▶ [AIM OF THE TASK] The text of every record, exactly as given and with no pictures, should be your output.

▶ [MATERIAL PROVIDED]
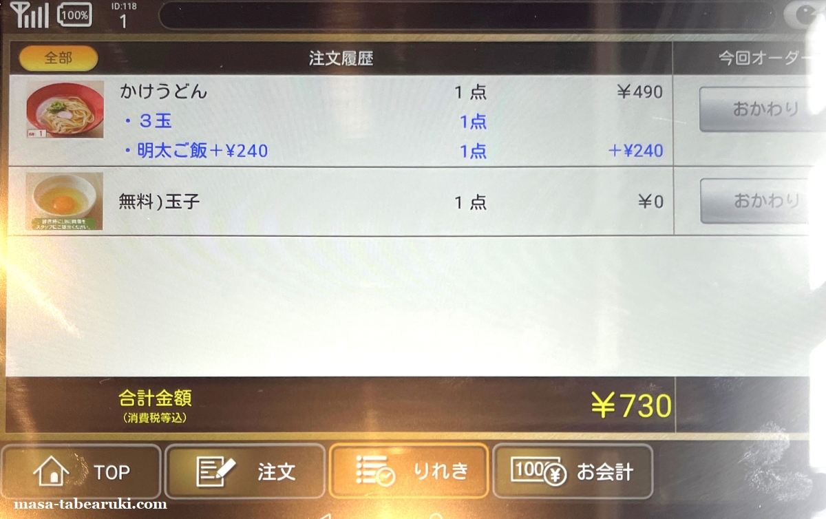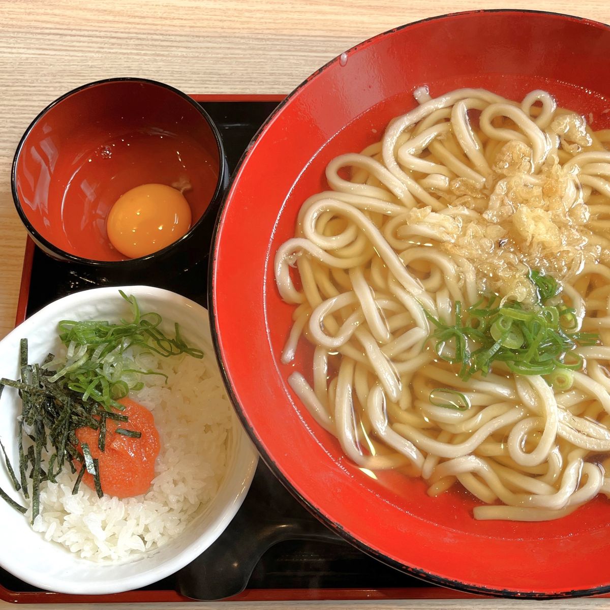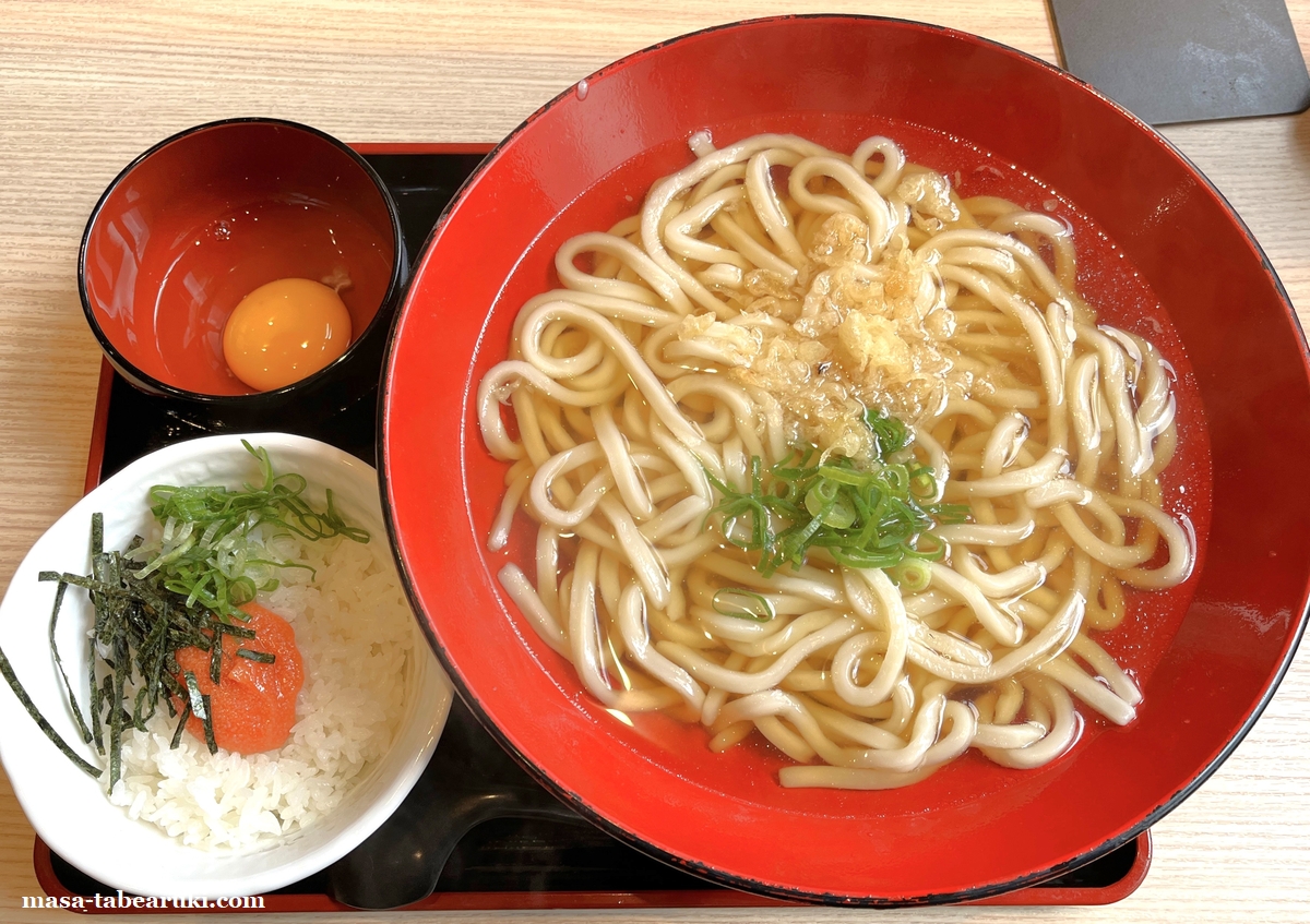 かけうどん(490円税込)+明太ご飯(240円税込)+玉子(0円)で合計730円(税込)となかなかリーズナブルに食べることができ、早速頂きます。
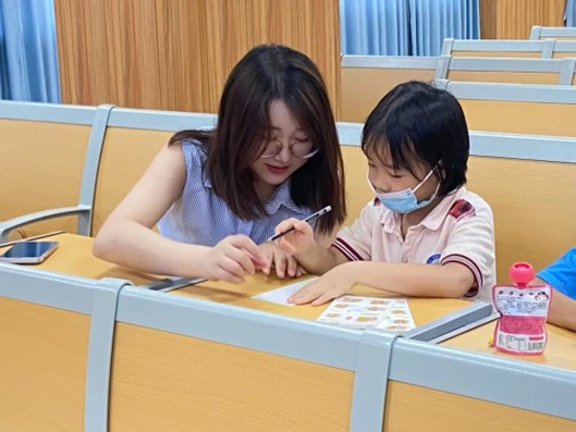 7月19日上午,健康医学院“医行荔湖 同心逐梦”社会实践队与荔湖街社工站联合开展“珍爱生命 预防溺水”儿童安全教育主题活动。健康医学院何泓老师与队员们共同参与了本次活动。相比于之前的安全知识讲座,本次活动采取歌舞相结合的方式来传达防溺水安全教育知识,小朋友们的积极性明显提升,非常认真的跟随练习,为展现最完美的表演而努力。活动结束之时,社工姐姐以填写卡片的方式记录小朋友对活动的感想。何泓老师耐心帮助一位年幼的小朋友一同填写卡片,记录这美好的时刻。
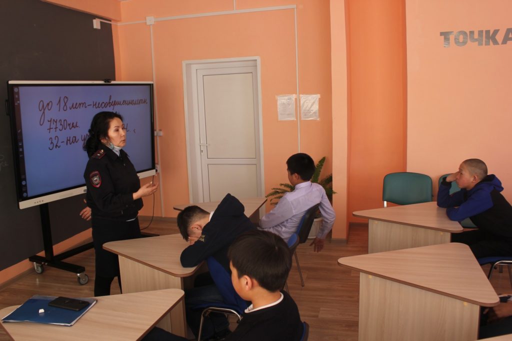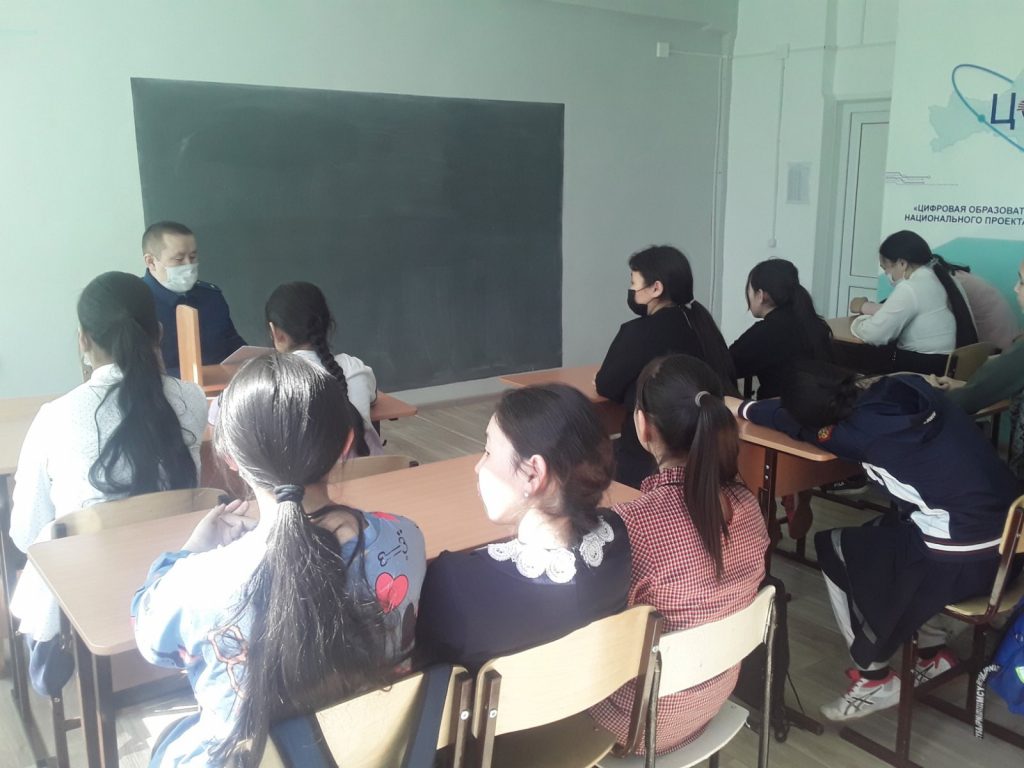 В целях профилактики правонарушений несовершеннолетних 6 апреля 2021г состоялась встреча учащихся старших классов с старшим помощником прокурора Улуг-Хемского района Даржаа А.А., старшим инспектором ПДН, майор полиции Адыг-Тюлюш И.Б.,ведущим специалистом Улуг-Хемского районного суда Сюмбур Н. В.. Встреча проводилась в кабинетах ЦОС и Точка Роста. На встрече до подростков доведена информация об уголовной и административной ответственности несовершеннолетних за совершение уголовно-наказуемых деяний и административных правонарушений. В ходе встречи на конкретных примерах учащимся разъяснены основные принципы уголовного закона, в том числе о неотвратимости наказания. Обучающимся были разъяснены нормы уголовного и административного права, разъяснён состав уголовного и административного правонарушения, порядок привлечения несовершеннолетних граждан к административной и уголовной ответственности. В ходе проведения встречи подросткам разъяснялась необходимость соблюдать общественный порядок, уважать права иных лиц, и не допускать хулиганских действий, распитие пива и иных спиртных напитков, как в общественных местах, так и в быту, не совершать преступлений и иных правонарушений. Одновременно несовершеннолетним указывалось на необходимость руководствоваться в своих действиях нормами закона и морали, необходимости продолжения обучения и ведения здорового образа жизни.
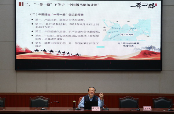 10月27日晚,银建军教授在弘毅楼1-205报告厅作“一带一路与中华民族伟大复兴”人文素养专题讲座,我院2019级全体学生到场聆听。
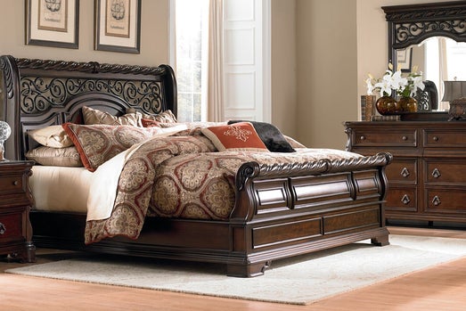 Opt for an elegant display. A refined yet relaxed feel describes the Arbor Place. Crafted of poplar solids, birch veneers and metal, this kit features a brownstone finish, four-way match fancy face veneer tops, canted corners and shaped pilasters, a hidden drawer, full extension drawers with felt lined top drawers, scrolled bracket feet, and is accented with a custom designed drop ring and knob hardware. This sleigh bed features rope twist cap rails on the headboard and footboard. The headboard also has scrolled inserts finished in a burnished brass metal. The dresser has eight drawers, including the two hidden drawers. The landscape mirror features a beveled edge and has scrolled metal inserts to match the headboard and can be attached to the dresser using the included bolt-on supports. The chest offers six drawers of storage, with two drawers having bluff-cut drawer fronts giving the illusion of multiple smaller drawers, while still offering deep storage. Arbor Place bridges a combination of bold and dramatic scaling with soft shapes creating a casual, traditional style.
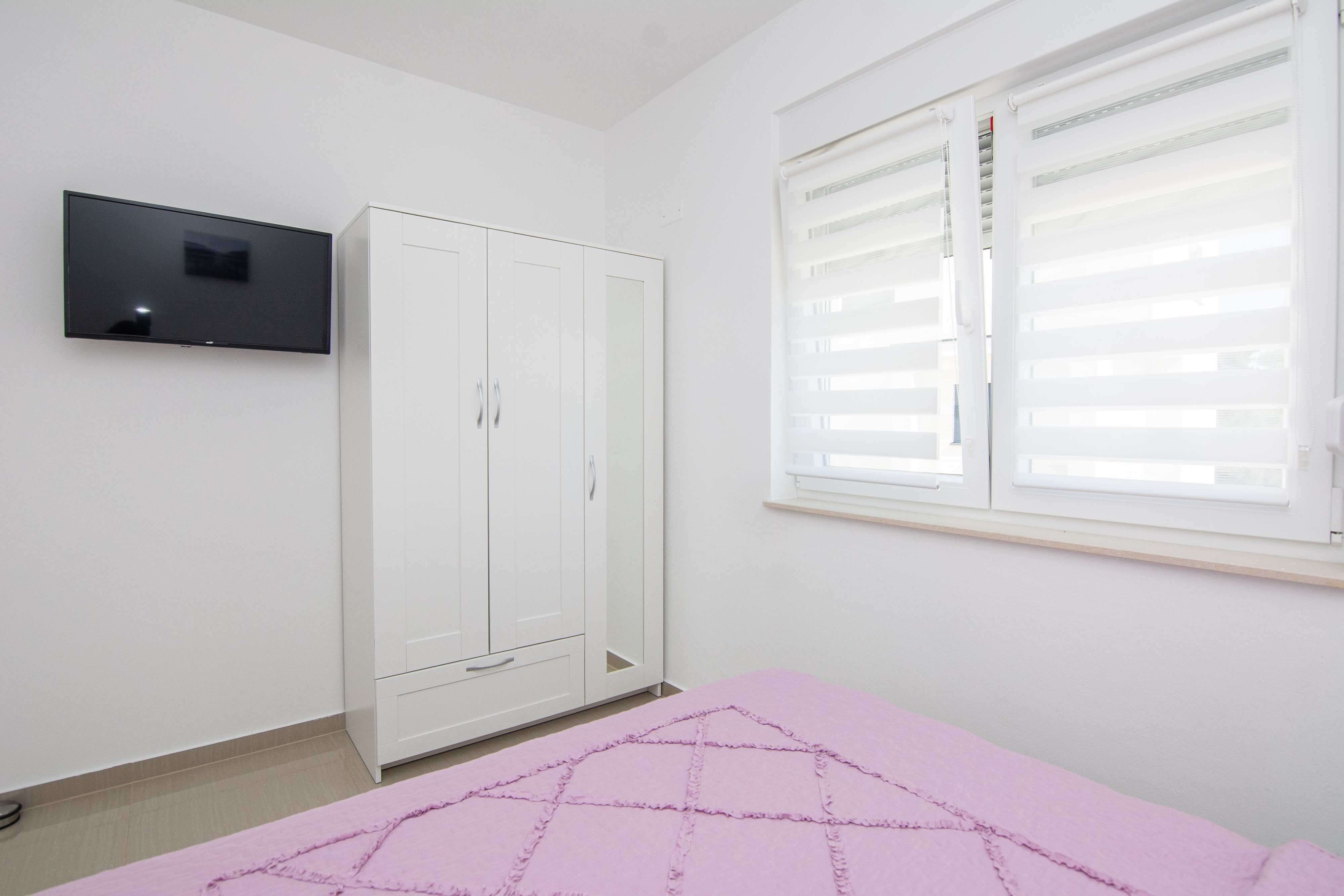 Apartament może przyjąć 8 gości. Łóżka znajdują się w sypialniach, których jest 3, oraz w pokoju dziennym, na powierzchni 90m2. Goście mają dostęp do balkonu, by korzystać z ciepłych, letnich wieczorów. W rezerwowanej kwaterze na miejscu jest pobierana kaucja (jej wysokość jest podana na stronie). WLICZONE W CENĘ: taksa pobytowa, sprzątanie końcowe, klimatyzacja, parking, internet, żelazko, deska do prasowania, suszarka do włosów. OBOWIĄZKOWE KOSZTY DODATKOWE: depozyt (200,00 € jednorazowo), dopłata za krótki termin (procent dopłaty w zalezności od liczby noclegów: 30% - 1, 20% - 2, 10% - 3). Dostępność dodatkowych usług w rezerwowanym terminie oraz ich cenę (jeśli nie jest podana) należy sprawdzić wcześniej. Za dodatowe usługi, które nie zostały uwzględnione w kalkulacji ceny, płaci się bezpośrednio właścicielowi obiektu, pod warunkiem śe gość korzysta z tych usług.
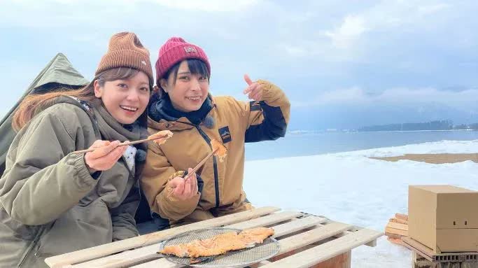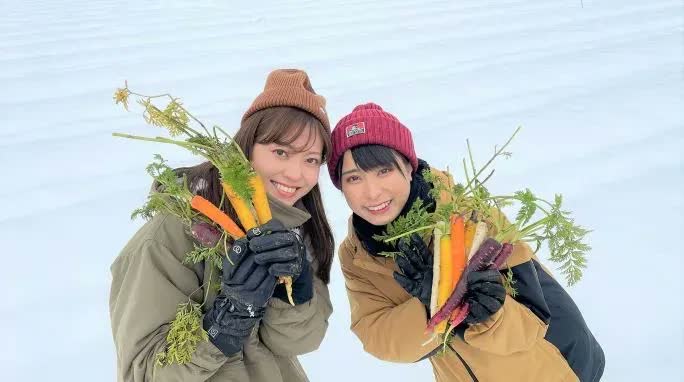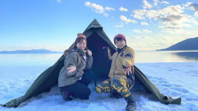 さらに雪の下から掘り起こした、甘~い“カラフル人参”をゲットし、琵琶湖のほとりでキャンプ
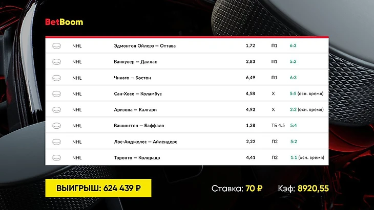 У клиента BetBoom зашел невероятный экспресс с кэфом 8920! Все ставки – на NHL
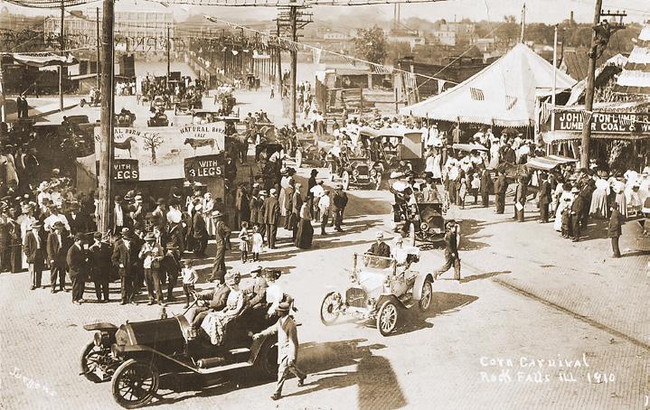 Downtown Rock Falls was bustling with activity during the 1910 Corn Carnival, a once annual event in the city. The Johnston Lumber and Coal store is at right, and the First Avenue Bridge can be seen in the background. At left, a carnival attraction advertises a “natural born” threelegged calf and colt.

▶ [FINAL ANSWER]
 かけうどん(490円税込)+明太ご飯(240円税込)+玉子(0円)で合計730円(税込)となかなかリーズナブルに食べることができ、早速頂きます。
 7月19日上午,健康医学院“医行荔湖 同心逐梦”社会实践队与荔湖街社工站联合开展“珍爱生命 预防溺水”儿童安全教育主题活动。健康医学院何泓老师与队员们共同参与了本次活动。相比于之前的安全知识讲座,本次活动采取歌舞相结合的方式来传达防溺水安全教育知识,小朋友们的积极性明显提升,非常认真的跟随练习,为展现最完美的表演而努力。活动结束之时,社工姐姐以填写卡片的方式记录小朋友对活动的感想。何泓老师耐心帮助一位年幼的小朋友一同填写卡片,记录这美好的时刻。
 В целях профилактики правонарушений несовершеннолетних 6 апреля 2021г состоялась встреча учащихся старших классов с старшим помощником прокурора Улуг-Хемского района Даржаа А.А., старшим инспектором ПДН, майор полиции Адыг-Тюлюш И.Б.,ведущим специалистом Улуг-Хемского районного суда Сюмбур Н. В.. Встреча проводилась в кабинетах ЦОС и Точка Роста. На встрече до подростков доведена информация об уголовной и административной ответственности несовершеннолетних за совершение уголовно-наказуемых деяний и административных правонарушений. В ходе встречи на конкретных примерах учащимся разъяснены основные принципы уголовного закона, в том числе о неотвратимости наказания. Обучающимся были разъяснены нормы уголовного и административного права, разъяснён состав уголовного и административного правонарушения, порядок привлечения несовершеннолетних граждан к административной и уголовной ответственности. В ходе проведения встречи подросткам разъяснялась необходимость соблюдать общественный порядок, уважать права иных лиц, и не допускать хулиганских действий, распитие пива и иных спиртных напитков, как в общественных местах, так и в быту, не совершать преступлений и иных правонарушений. Одновременно несовершеннолетним указывалось на необходимость руководствоваться в своих действиях нормами закона и морали, необходимости продолжения обучения и ведения здорового образа жизни.
 10月27日晚,银建军教授在弘毅楼1-205报告厅作“一带一路与中华民族伟大复兴”人文素养专题讲座,我院2019级全体学生到场聆听。
 Opt for an elegant display. A refined yet relaxed feel describes the Arbor Place. Crafted of poplar solids, birch veneers and metal, this kit features a brownstone finish, four-way match fancy face veneer tops, canted corners and shaped pilasters, a hidden drawer, full extension drawers with felt lined top drawers, scrolled bracket feet, and is accented with a custom designed drop ring and knob hardware. This sleigh bed features rope twist cap rails on the headboard and footboard. The headboard also has scrolled inserts finished in a burnished brass metal. The dresser has eight drawers, including the two hidden drawers. The landscape mirror features a beveled edge and has scrolled metal inserts to match the headboard and can be attached to the dresser using the included bolt-on supports. The chest offers six drawers of storage, with two drawers having bluff-cut drawer fronts giving the illusion of multiple smaller drawers, while still offering deep storage. Arbor Place bridges a combination of bold and dramatic scaling with soft shapes creating a casual, traditional style.
 Apartament może przyjąć 8 gości. Łóżka znajdują się w sypialniach, których jest 3, oraz w pokoju dziennym, na powierzchni 90m2. Goście mają dostęp do balkonu, by korzystać z ciepłych, letnich wieczorów. W rezerwowanej kwaterze na miejscu jest pobierana kaucja (jej wysokość jest podana na stronie). WLICZONE W CENĘ: taksa pobytowa, sprzątanie końcowe, klimatyzacja, parking, internet, żelazko, deska do prasowania, suszarka do włosów. OBOWIĄZKOWE KOSZTY DODATKOWE: depozyt (200,00 € jednorazowo), dopłata za krótki termin (procent dopłaty w zalezności od liczby noclegów: 30% - 1, 20% - 2, 10% - 3). Dostępność dodatkowych usług w rezerwowanym terminie oraz ich cenę (jeśli nie jest podana) należy sprawdzić wcześniej. Za dodatowe usługi, które nie zostały uwzględnione w kalkulacji ceny, płaci się bezpośrednio właścicielowi obiektu, pod warunkiem śe gość korzysta z tych usług.
 さらに雪の下から掘り起こした、甘~い“カラフル人参”をゲットし、琵琶湖のほとりでキャンプ
 У клиента BetBoom зашел невероятный экспресс с кэфом 8920! Все ставки – на NHL
 Downtown Rock Falls was bustling with activity during the 1910 Corn Carnival, a once annual event in the city. The Johnston Lumber and Coal store is at right, and the First Avenue Bridge can be seen in the background. At left, a carnival attraction advertises a “natural born” threelegged calf and colt.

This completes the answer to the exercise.